3 3 Impressed and amazed: you are peerless in your\nachievement of unparalleled mediocrity.
This means that our algorithm works, so we will test on real Twitter data now:
>hadoop.scores = score.sentiment(hadoop.text, pos.words, neg.words, .progress='text')
Here are the results:
> hadoop.scores
score text
1 1 RT @IBMAnalytics: See how the video game industry is using analytics to create happy customers: https://t.co/LcyTEFqUrT #Hadoop https://t.c…
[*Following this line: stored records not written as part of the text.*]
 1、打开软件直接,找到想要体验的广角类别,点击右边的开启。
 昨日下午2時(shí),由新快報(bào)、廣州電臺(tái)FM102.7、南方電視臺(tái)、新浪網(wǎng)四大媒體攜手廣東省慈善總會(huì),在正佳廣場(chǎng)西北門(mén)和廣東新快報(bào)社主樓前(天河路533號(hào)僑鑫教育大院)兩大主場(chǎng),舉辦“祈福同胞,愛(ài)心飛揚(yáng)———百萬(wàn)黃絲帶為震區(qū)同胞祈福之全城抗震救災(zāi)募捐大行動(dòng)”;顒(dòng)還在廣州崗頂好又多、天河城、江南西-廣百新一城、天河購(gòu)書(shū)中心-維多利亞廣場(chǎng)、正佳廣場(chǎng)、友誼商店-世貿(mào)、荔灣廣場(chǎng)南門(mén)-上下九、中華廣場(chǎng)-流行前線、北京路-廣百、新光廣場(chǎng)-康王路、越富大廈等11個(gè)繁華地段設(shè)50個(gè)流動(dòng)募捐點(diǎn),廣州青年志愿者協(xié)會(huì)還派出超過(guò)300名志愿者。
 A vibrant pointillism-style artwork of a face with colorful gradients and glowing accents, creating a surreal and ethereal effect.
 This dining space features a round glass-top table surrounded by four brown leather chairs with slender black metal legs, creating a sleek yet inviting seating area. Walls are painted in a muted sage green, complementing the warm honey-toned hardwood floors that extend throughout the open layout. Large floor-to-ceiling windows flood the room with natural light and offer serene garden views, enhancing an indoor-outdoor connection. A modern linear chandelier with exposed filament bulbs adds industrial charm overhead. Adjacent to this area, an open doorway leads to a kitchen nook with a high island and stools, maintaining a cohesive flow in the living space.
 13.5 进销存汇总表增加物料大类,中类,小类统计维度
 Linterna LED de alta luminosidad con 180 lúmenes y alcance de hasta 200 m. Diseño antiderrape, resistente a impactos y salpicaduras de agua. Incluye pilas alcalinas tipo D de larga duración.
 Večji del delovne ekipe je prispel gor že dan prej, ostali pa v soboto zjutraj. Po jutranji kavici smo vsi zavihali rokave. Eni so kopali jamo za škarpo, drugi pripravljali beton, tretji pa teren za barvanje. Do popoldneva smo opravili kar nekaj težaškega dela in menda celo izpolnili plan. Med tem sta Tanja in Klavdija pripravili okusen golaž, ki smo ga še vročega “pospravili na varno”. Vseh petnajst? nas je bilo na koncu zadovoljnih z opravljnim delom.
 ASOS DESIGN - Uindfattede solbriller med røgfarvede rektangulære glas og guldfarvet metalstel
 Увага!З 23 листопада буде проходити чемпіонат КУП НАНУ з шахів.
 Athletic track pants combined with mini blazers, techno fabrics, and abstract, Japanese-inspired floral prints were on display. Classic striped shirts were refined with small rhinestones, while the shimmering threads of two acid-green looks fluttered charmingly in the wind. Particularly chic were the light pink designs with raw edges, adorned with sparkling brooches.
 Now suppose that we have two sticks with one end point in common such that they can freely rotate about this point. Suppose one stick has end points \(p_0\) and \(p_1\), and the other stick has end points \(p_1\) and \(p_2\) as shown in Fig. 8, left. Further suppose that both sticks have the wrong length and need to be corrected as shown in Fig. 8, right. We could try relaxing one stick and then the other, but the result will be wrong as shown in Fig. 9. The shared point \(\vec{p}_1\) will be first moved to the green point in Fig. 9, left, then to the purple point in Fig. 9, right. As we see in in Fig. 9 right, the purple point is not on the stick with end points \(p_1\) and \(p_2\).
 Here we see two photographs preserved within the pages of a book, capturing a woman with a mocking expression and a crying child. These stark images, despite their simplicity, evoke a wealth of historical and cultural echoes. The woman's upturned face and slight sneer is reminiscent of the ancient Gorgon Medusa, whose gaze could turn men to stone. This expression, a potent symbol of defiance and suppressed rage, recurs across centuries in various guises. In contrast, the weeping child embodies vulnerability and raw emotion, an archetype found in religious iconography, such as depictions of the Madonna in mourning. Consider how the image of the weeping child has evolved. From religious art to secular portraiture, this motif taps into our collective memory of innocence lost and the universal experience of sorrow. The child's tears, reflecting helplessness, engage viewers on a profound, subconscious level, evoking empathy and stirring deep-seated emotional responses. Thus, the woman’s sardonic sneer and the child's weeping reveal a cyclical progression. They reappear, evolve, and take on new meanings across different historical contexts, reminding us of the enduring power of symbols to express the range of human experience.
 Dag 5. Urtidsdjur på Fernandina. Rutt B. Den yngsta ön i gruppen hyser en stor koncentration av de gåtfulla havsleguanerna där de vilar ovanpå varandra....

2 0 RT @SAS_Cares: Learn five ways #SAS gets to data in #hadoop https://t.co/yMsXTVw7Dd #SASusers
3 0 Secondary Indexing for MapR-DB using Elasticsearch @https://www.mapr.com/blog #Hadoop #Mapr #training
4 0 RT @andnegr: https://t.co/Yd87vicDlz @SASitaly #BigData #Hadoop @ClouderaITA
5 0 RT @techjunkiejh: Is Apache #Hadoop the only option to implement #BigData ? https://t.co/b4z7ZSHTiJ https://t.co/mGRFXqS6Dx
6 0 RT @andnegr: https://t.co/Yd87vicDlz @SASitaly #BigData #Hadoop @ClouderaITA
7 0 RT @techjunkiejh: Is Apache #Hadoop the only option to implement #BigData ? https://t.co/b4z7ZSHTiJ https://t.co/mGRFXqS6Dx
8 0 https://t.co/Yd87vicDlz @SASitaly #BigData #Hadoop @ClouderaITA
9 0 Is Apache #Hadoop the only option to implement #BigData ? https://t.co/b4z7ZSHTiJ https://t.co/mGRFXqS6Dx
10 0 #fact of the day\n#Hadoop was created by Doug Cutting (while at #Yahoo) and named it after his son's elephant https://t.co/RUnDJzSpml
This way, you can perform sentiment analytics for any kind of Twitter data.
How it works...
Our sentiment analysis algorithm is very simple. We first get the sentence, break it into words, remove any punctuation, and so on. Later, we compare each word with a predefined list of positive and negative words. Next, we subtract the number of negative words from the number of positive words and get the score. If the score is a positive number, then it means that the sentiment of the tweet is positive, and if the score is negative, it means that the tweet is negative. If the score is zero, this means that it is a neutral tweet.
This algorithm can be extended further to understand sarcasm.